Umutsuzluğa kapıldığınız anlarda kendi kendinize ben yapabilirim demek önemlidir evet, ama bir başkasının -hele de gerçekten sevdiğiniz birinin- demesi çok daha önemlidir. Tiffany'nin yaptığı şeyi hatırladıkça tüm etlerimin kemiklerimden canlı canlı koparıldığını hissediyordum. Abarttığımı düşünüyor olabilirsiniz ama gerçekten abartmıyorum. Yıllarımı verdiğim, her an nasıl olduğumu gören kardeşim bana bunu yapabilmişti.

Her şeyden güzeli ve özeli bana böylesi bir zamanda bile bambaşka duyguları tattıran Baekhyun'du. Onu sevmek güzeldi, onun tarafından sevilmek daha güzeldi. Onun sarılması, gülmesi, bana bir sığınak gibi gelen vücudu, dokunuşu... Ona ait olan her şey çok güzeldi. Ona ait olup da çok güzel şeylerden olan biri de şuan beni öpen dudaklardı. 

Yüzümde dudaklarının dokunuşunu hissettiğimde kıkırdamadan edemedim. Hislerimi tanımlayacak kelimeler bulamıyordum ama diyebileceğim şey sadece çok güzel olduğuydu. Onu seviyordum ve onun beni sevdiğini hissediyordum. Gözlerimin üzerine öpücük kondurduğunda usulca açtım gözlerimi. "Ne zaman uyandın?"

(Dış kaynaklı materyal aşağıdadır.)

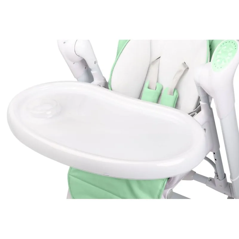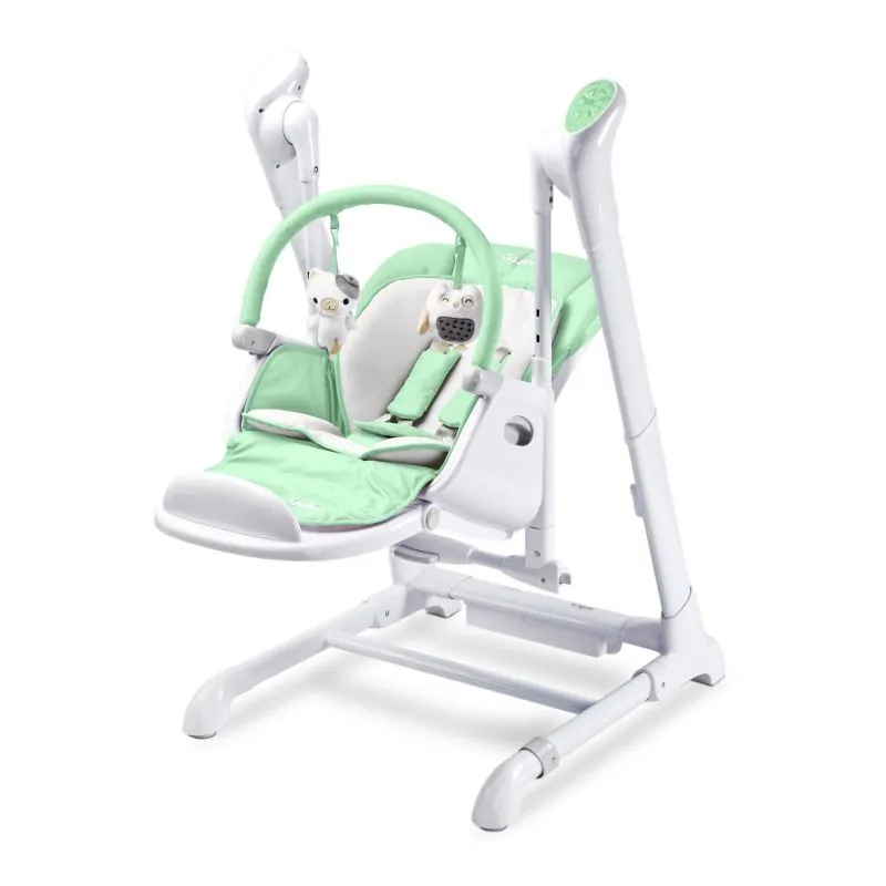 Izmērs: 60x90x103 cm;Sēdekļa izmērs: 33x22 cm;Atzveltnes izmērs: 33x47 cm;Izmērs salocītā veidā: 58x60x110 cm;5 punktu drošības jostas;Regulējams atzveltnes un kāju balstu augstums, kā arī krēsla augstums;Izgatavots no mīksta PVC materiāla;Polsterējumi, melodijas;Nepieciešamas baterijas 4x1,5 V L14 (nav iekļautas) vai lietošanai ar lādētāju (iekļauts);Svars: 14,1 kg;Regulējams šūpošanās ātrums un iespēja šūpot noteiktu laiku;Alumīnija rāmis;Noņemams paplāte.
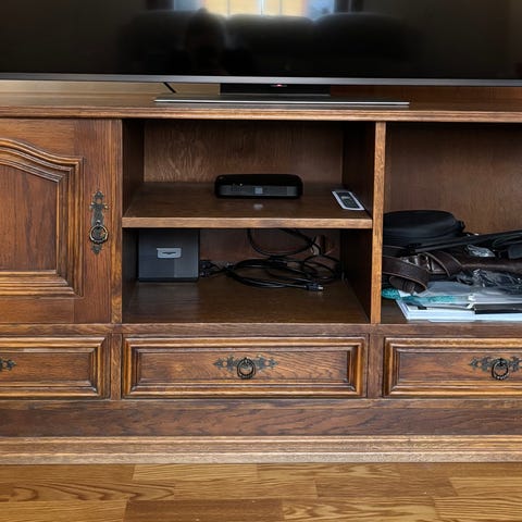 Alle de fire skapene er helt like. Har en hylle hver, er brunbeiset og laget i solid treverk. Passer kjempefint til hobbyrom eller bod. Vi har også brukt dem som TV-benk, til brettspill og hobbysaker.

Gülümseyerek bakıyordu bana, bakın bu bana dünyanın en özel insanı gibi hissettiriyordu. Sanki ben kırılgan bir nesneymişim de beni kırmaktan korkuyormuş gibiydi. "Bir az oldu."

"Neden hemen uyandırmadın?" 

Yavaşca tekrar uzanıp kolunu başının altına aldı ve gülümseyerek bana bakmaya başladı. "Seni uyurken izlemek istedim, çok güzeldin."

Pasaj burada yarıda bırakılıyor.